Thursday, May 24, 2012

We have a SOCCER player!

Last night was the first night of soccer for our little Tim Horton's soccer star (#8)!  We registered E for the soccer program a few months ago, and it has been a long wait for him to actually get on the soccer field.

I waited to tell him until Monday on the way home from the cottage that soccer was starting this week because I knew his excitement level would be through the roof. And it was! When Wednesday rolled around he groaned at the thought of having to go to daycare before he could go to soccer - he thought for that day we should just skip daycare and go right to the field! What a boy!

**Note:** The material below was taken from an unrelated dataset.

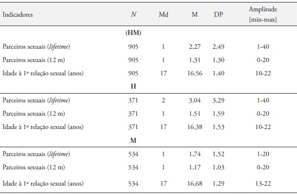 A amostra de 1.303 alunos do primeiro ano do ensino superior distribuiu-se da seguinte medida: universitário e politécnico de Coimbra 42,5%, da Universidade de Aveiro 31,8%, Universidade da Beira Interior 25,6%. A distribuição por idades varia entre os 18 e os 24 anos (M = 18,71, DP = 1,20). A distribuição por sexos apresenta um predomínio do sexo feminino (63,9% mulheres vs. 36,1% homens), predomínio que é habitual em populações do ensino superior. Quanto à área de formação académica, 53,7% integram cursos da área da saúde e 46,3% integram outros cursos, designados não saúde. Fazendo uma análise do comportamento sexual dos elementos da amostra, conforme se pode observar na Tabela 1, a média global de idade das primeiras RSs é de 16,56, DP = 1,40 sendo de M = 16,38; DP = 1,53 no sexo masculino e de M = 16,68; DP = 1,29 no sexo feminino. De notar que 6,1% dos participantes referem ter tido as primeiras RSs antes dos 15 anos, sendo esse valor de 9,32% nos rapazes e de 3,94% nas raparigas (Tabela 2). A média de parceiros sexuais ao longo da vida é de M = 2,27; DP = 2,49, sendo que no sexo masculino é de M = 3,04, DP = 3,29 e no sexo feminino M = 1,74; DP =1,52. Quanto ao número de parceiros sexuais nos últimos 12 meses, a média global é de 1,31; DP = 1,30, sendo de M = 1,51, DP = 1,59 no sexo masculino e de M = 1,17; DP = 1,03 no sexo feminino.

I have to say, I thought the program was well organized considering you're taking 60 some 3 to 4 year olds and putting them on a field with their own soccer ball. The organizers had it very well layed out for the first night to get all the kids in their uniforms, on the field, doing drills, and having fun within the allotted hour. 

This was the first group type activity that I have seen E jump right into without hesitation. He was gung-hoe before we went (which is common) but to my surprise his enthusiasm continued for the duration of the activity.  He had a good sweat on and was pretty pumped about the whole experience - even wanted to wear his soccer shoes to bed last night! E had a blast to say the least - and the fact that they gave out popsicles as a post game snack scored mega points with him!

Overall a great night of fun for everyone... when I asked E if he wanted to go back next week, his response was 'totally'! So we are 'totally' looking forward to it!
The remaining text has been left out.